This post was written by Janelle Weaver, PhD, a freelance writer
Lymphoma is the most common blood cancer in the United States and is responsible for about 20,000 deaths each year. This type of cancer begins in white blood cells called lymphocytes, which normally play an important role in the immune system by recognizing and responding to pathogens such as bacteria and viruses. To control infections, these cells must multiply in a process that depends on a protein called MALT1. But when inappropriately activated, MALT1 drives the survival of lymphoma cells, underscoring the need to monitor the activity of this protein to develop novel diagnostic tests and facilitate drug discovery.
Sanford-Burnham researchers have made substantial progress toward this goal by developing activity-based probes that selectively label the active form of MALT1. As reported recently in Chemistry & Biology, the probes allow researchers to trace MALT1’s activity profile and study the function of this important protein, paving the way for the development of next-generation diagnostic tools and therapies.
“MALT1 represents a promising therapeutic target because it is a key regulator of immune-cell activation and it promotes the survival of distinct aggressive lymphomas. But until now, a reliable tool to detect this protein in lymphoma cells was missing,” said senior study author Guy Salvesen, PhD, dean of the Sanford-Burnham Graduate School of Biomedical Sciences and professor in our NCI-designated Cancer Center. “The activity-based probes we developed represent powerful chemical tools to measure cellular MALT1 activation, determine the efficacy of small-molecule inhibitors, and classify lymphomas based on MALT1 activity status. In the end, this could translate into more-accurate diagnostic tests that greatly facilitate therapeutic decisions.”
Promising probes To develop the new probes, Salvesen teamed up with Matthew Bogyo, PhD, professor of pathology and of microbiology and immunology at the Stanford School of Medicine, and Marcin Drag, PhD, associate professor of bioorganic chemistry at the Wroclaw University of Technology in Poland. The probes consist of a peptide sequence that determines enzyme selectivity, an electrophilic warhead that irreversibly inhibits the targeted enzyme, and a label that allows detection and activity monitoring. The researchers demonstrated that the imaging probes specifically bind to the active site on MALT1 and can differentiate between active and inactive MALT1 in a lymphoma cell line. The new approach is sensitive enough to detect small but potentially important effects involving MALT1 activity.
In an independent study also published in Chemistry & Biology, Daniel Krappmann of the German Research Center for Environmental Health and his team also developed activity-based probes to detect active MALT1 in tumor cell lines and biopsies. The researchers demonstrated that these probes could help to foster drug discovery by determining the efficacy of MALT1 inhibitors.
Moving forward, the activity-based probes may shed new light on the role of MALT1 in lymphoma as well as autoimmune diseases such as multiple sclerosis, which occurs when the body’s own immune cells attack the nervous system and cause symptoms such as painful muscle spasms, loss of vision, and trouble chewing and swallowing. MALT1 activity is enhanced in immune cells in a mouse model of multiple sclerosis, and MALT1 deficiency protects mice from this disease, suggesting that MALT1 inhibition may be used to treat autoimmune diseases in humans.

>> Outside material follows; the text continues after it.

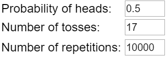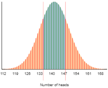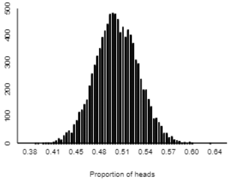 Here is a graph of the distribution of sample proportions resulting from 10,000 repetitions of 283 coin flips (using the One Proportion applet here):

“Activity-based probes will help us develop diagnostic tests for lymphomas and inflammatory diseases that are dependent on inappropriate activation of MALT1, allowing for more directed therapy against this protein,” Salvesen said. “Moreover, the tool could be used to monitor patient responses to pharmacological inhibitors that target the MALT1 pathway, helping clinicians fine-tune their treatment strategy to increase the likelihood of positive patient outcomes.”